2. Identification and apportionment of indirect costs when separate books of accounts are not maintained.

Issue-wise Detailed Analysis:

1. Calculation of Indirect Expenditure Related to Exports:

The primary issue was whether the Tribunal was correct in holding that the indirect expenditure related to exports should be calculated based on the ratio of export turnover to total turnover under Section 80HHC, given that the assessee had furnished details of indirect costs identified as pertaining to exports. The assessee, a manufacturer of plastic containers and trader in cosmetic goods, claimed deductions under Section 80HHC for the assessment years 2002-2003, 2003-2004, and 2001-2002. The assessee apportioned Rs. 19.80 crores as indirect costs for exports based on the ratio of export turnover to total turnover. However, the Assessing Officer noted total indirect expenses of Rs. 105.06 crores and contended that these should be apportioned as per Section 80HHC (3)(b) read with explanations (d) and (e). The Officer argued that identifiable indirect costs should not be apportioned but directly allocated to exports.

The Tribunal found that the assessee did not maintain separate books of accounts for export and domestic activities. It noted that the indirect expenses identified by the assessee as not related to exports were accepted by the Assessing Officer. The Tribunal agreed with the Commissioner that without proper books of accounts, the only way to allocate costs was by adopting the ratio of export turnover to total turnover. The Tribunal thus upheld the assessee's method of apportionment.

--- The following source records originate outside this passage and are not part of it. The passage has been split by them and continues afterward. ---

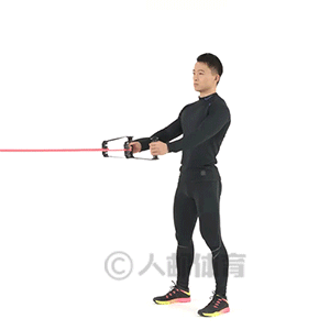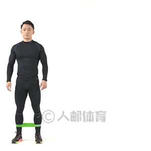 保持背部挺直,弯曲膝关节,同时向后拉伸弹力带。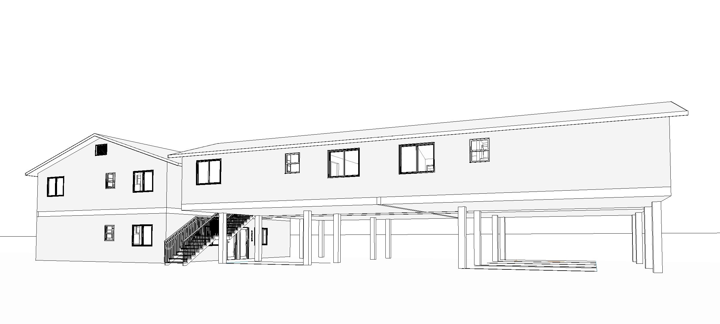 modern farmhouse design with white smoot plaster walls with black frame windows and black steel stair railings black roof with california native landscape and trees in the back ground sunny california weather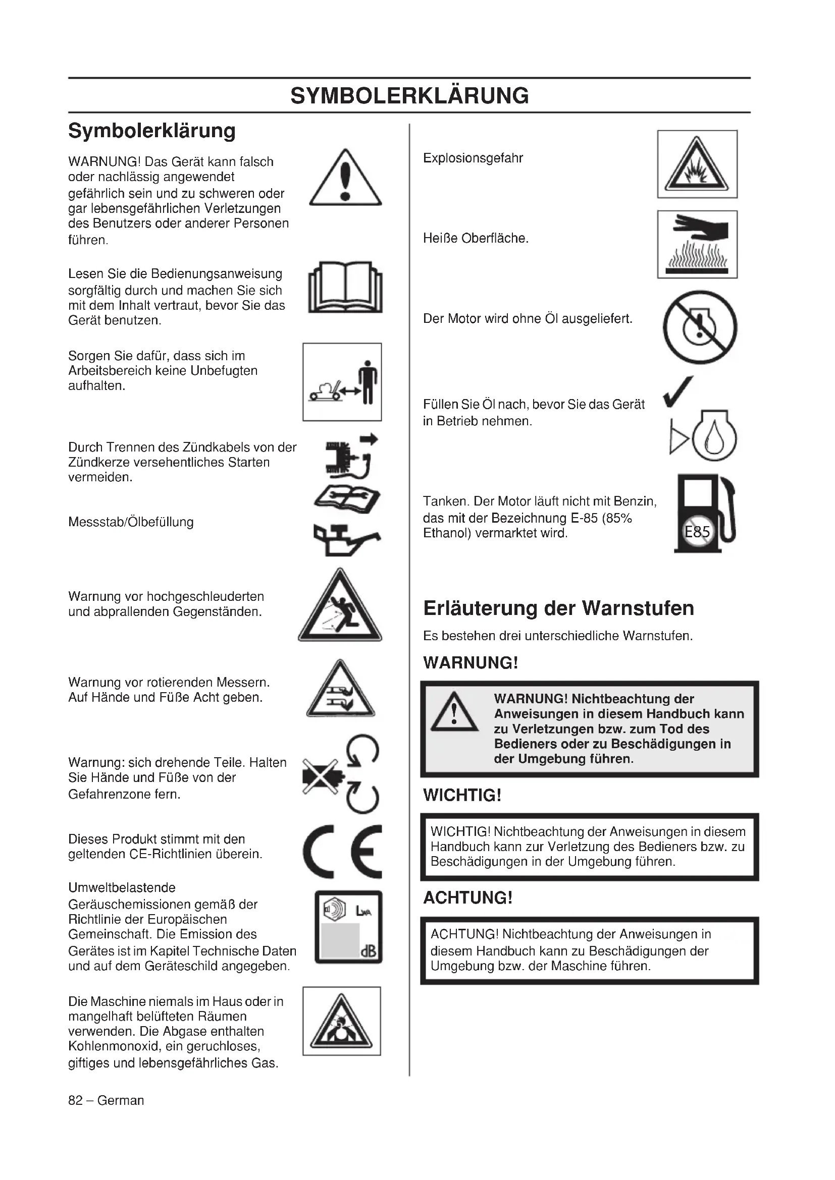 - of May 8, 2000 ”relating to the noise emissions in the environment” 2000/14/EC. For information relating to noise emissions, see the Technical data chapter. The following standards have been applied: ISO 5395, ISO 14982 Notified body: 0404, SMP Svensk Maskinprovning AB, Box 7035, SE-750 07 Uppsala, has issued reports regarding the assessment of conformity according to annex VI of the COUNCIL’S DIRECTIVE of May 8, 2000 ”relating to the noise emissions in the environment” 2000/14/EC. Huskvarna 25 November 2015 Claes Losdal, Development Manager/Garden Products (Authorized representative for Husqvarna AB and responsible for technical documentation.)SYMBOLERKLÄRUNG 82 – German Symbolerklärung WARNUNG! Das Gerät kann falsch oder nachlässig angewendet gefährlich sein und zu schweren oder gar lebensgefährlichen Verletzungen des Benutzers oder anderer Personen führen. Lesen Sie die Bedienungsanweisung sorgfältig durch und machen Sie sich mit dem Inhalt vertraut, bevor Sie das Gerät benutzen. Sorgen Sie dafür, dass sich im Arbeitsbereich keine Unbefugten aufhalten. Durch Trennen des Zündkabels von der Zündkerze versehentliches Starten vermeiden. Messstab/Ölbefüllung

2. Identification and Apportionment of Indirect Costs:

The second issue was whether the Tribunal was correct in holding that indirect expenditure related to exports should be calculated using the formula under Section 80HHC if regular books of accounts are not maintained. The Revenue argued that the assessee could identify expenses related to the head office, exports, and domestic sales, and therefore, the formula was unnecessary. The assessee countered that it had provided a common data for expenses relatable to exports but not attributable to them.

The Tribunal noted that the assessee had not maintained separate books for exports and trading goods. It pointed out that the expenses of Rs. 4,80,47,714/- and Rs. 3,11,71,438/- were not attributable to exports exclusively but were only relatable to them. The Tribunal held that the formula under Section 80HHC (3)(b) should be applied to apportion indirect costs, as the expenses were not intimately related only to exports. The Tribunal's decision was based on the statutory guidelines provided in Section 80HHC (3)(b), which prescribe the formula for arriving at the profit derived from exports when direct and indirect costs are not identifiable as attributable to the export of such goods.

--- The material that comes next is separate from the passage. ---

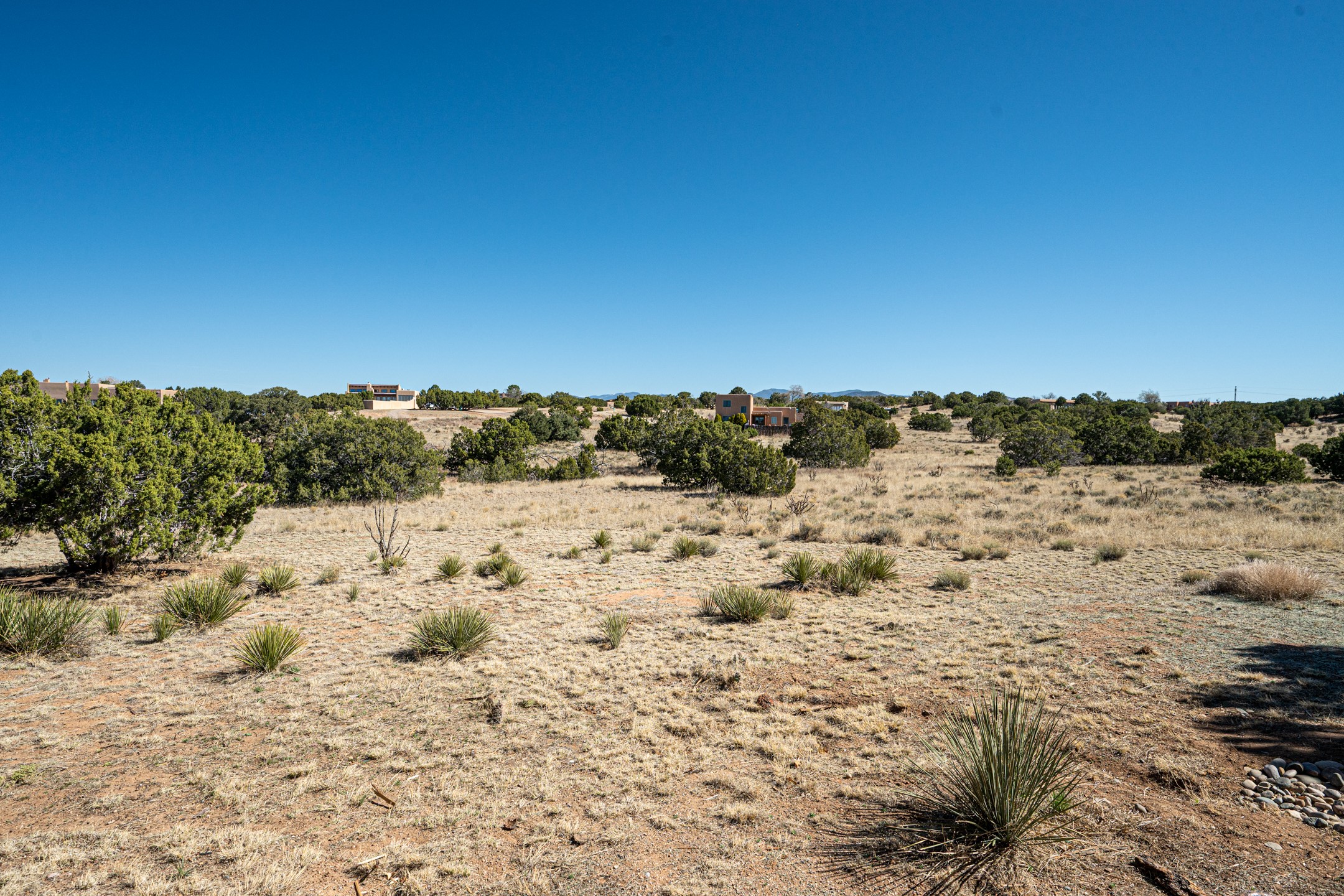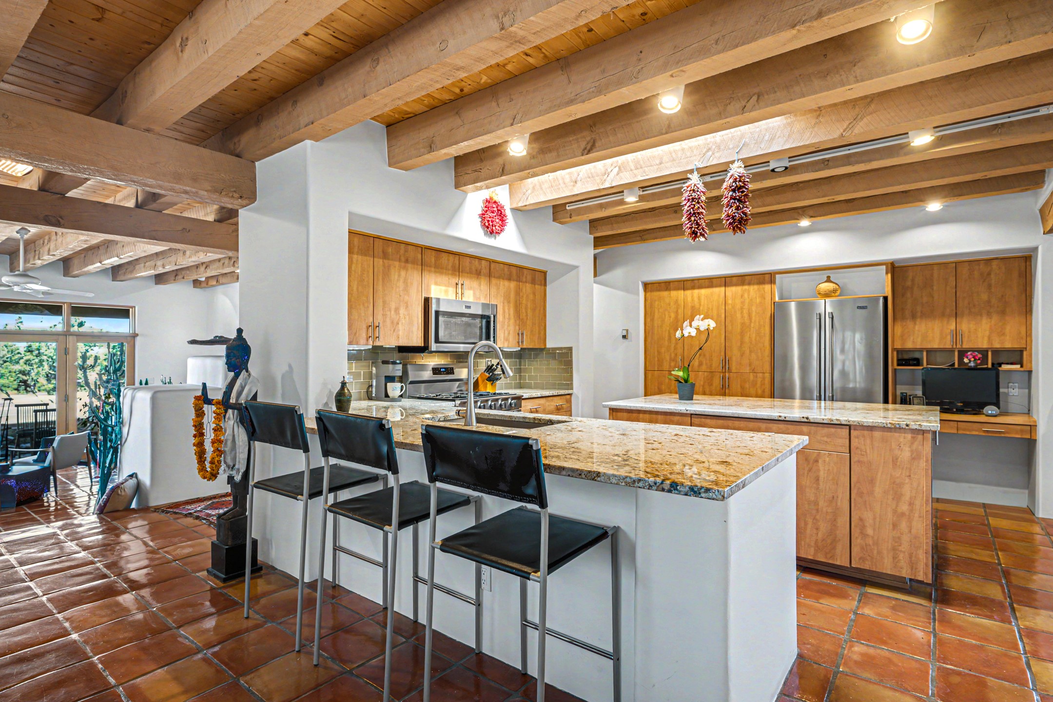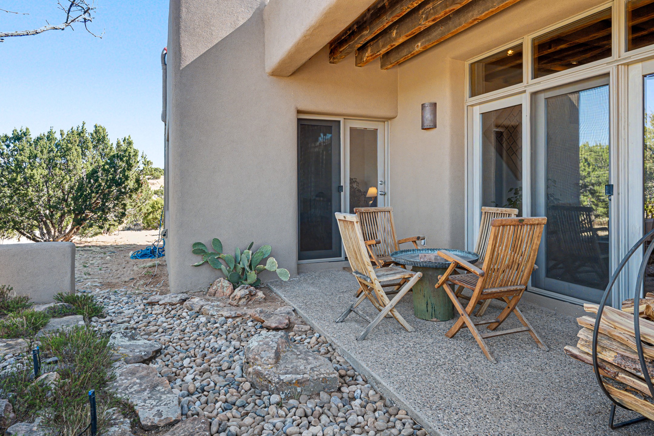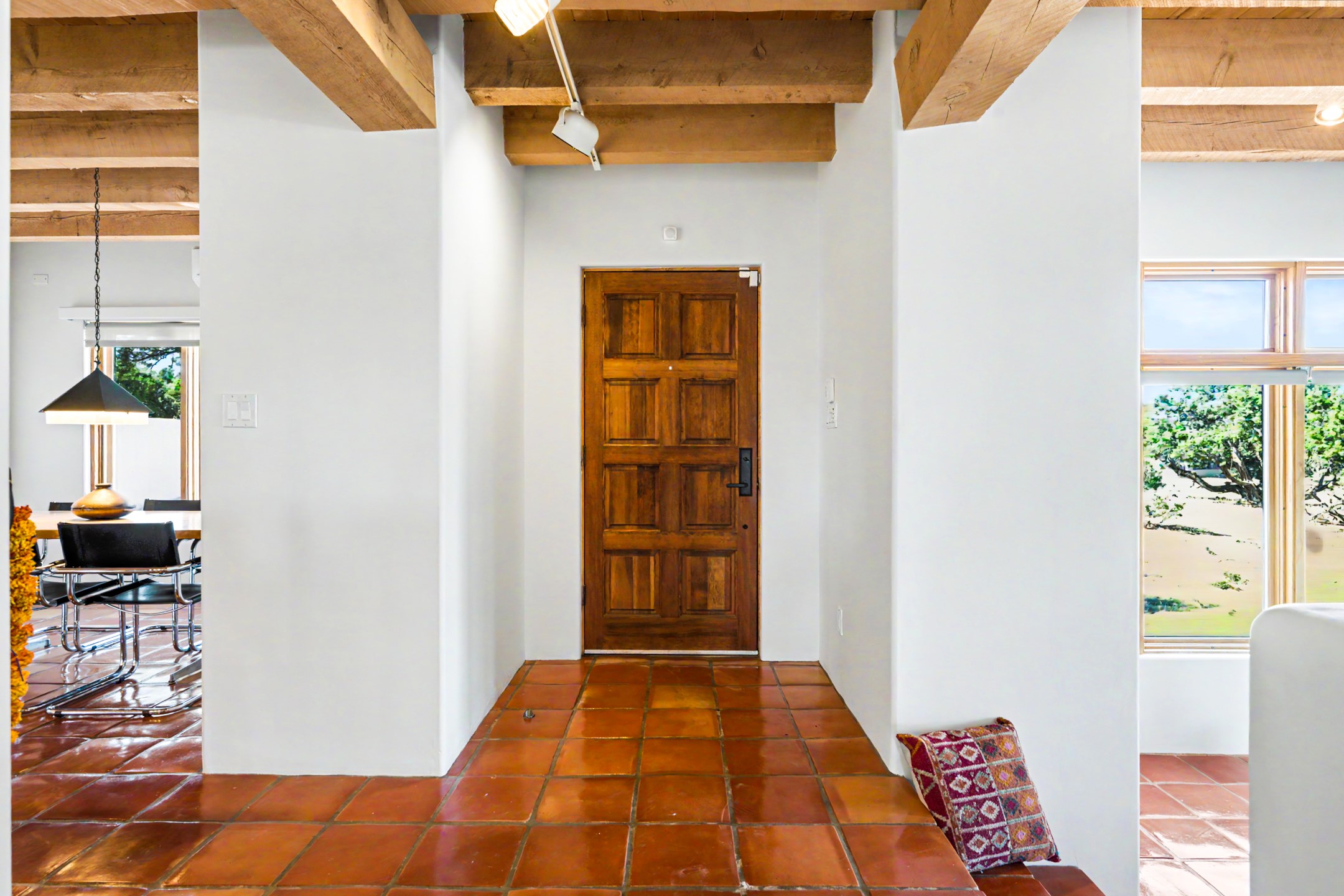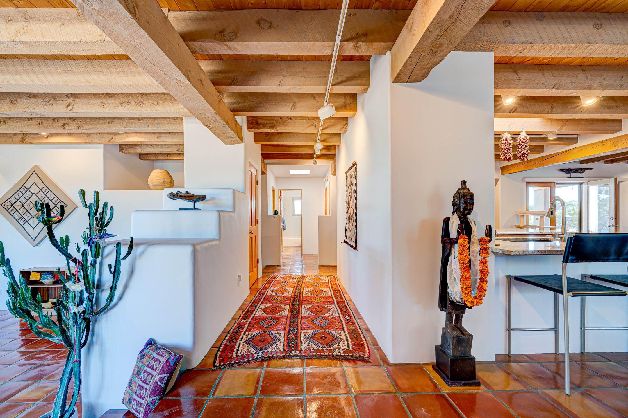 Stunning custom designed and built contemporary pueblo home privately located bordering a large Eldorado greenbelt. Gleaming saltillo tile floors, Kiva fireplaces and beam ceilings create that Santa Fe excitement while high ceilings and multiple long windows create a spacious sunny uplift throughout. There is an entertainers kitchen elegantly remodeled in 2017 with a large central island which flows to a formal dining area and a family room/den overlooking the north mountain foothills across the greenbelt. The sunken living room features a dramatic corner kiva fireplace and wonderful views to the west. There is excellent separation of primary suite from the guest bedrooms, all having Swedish engineered hardwood floors and the bathrooms have been totally refreshed in 2018. Two mini splits were added in 2018 for additional summer comfort. The boiler was replaced in 2019 and the home was re stuccoed in 2024. An oversized finished garage with plenty of storage and work area plus extra parking. This home shows pride of ownership inside and out. All this on 1.76 acres within easy reach of Eldorado amenities, local shopping, library, trails and parks, and only minutes into Santa Fe.

In conclusion, the High Court upheld the Tribunal's decision, confirming that the indirect costs should be apportioned based on the ratio of export turnover to total turnover as prescribed under Section 80HHC (3)(b). The Court dismissed the Revenue's appeals, finding no justification in their contention that the break-up of expenses provided by the assessee should be taken as direct costs without applying the statutory formula.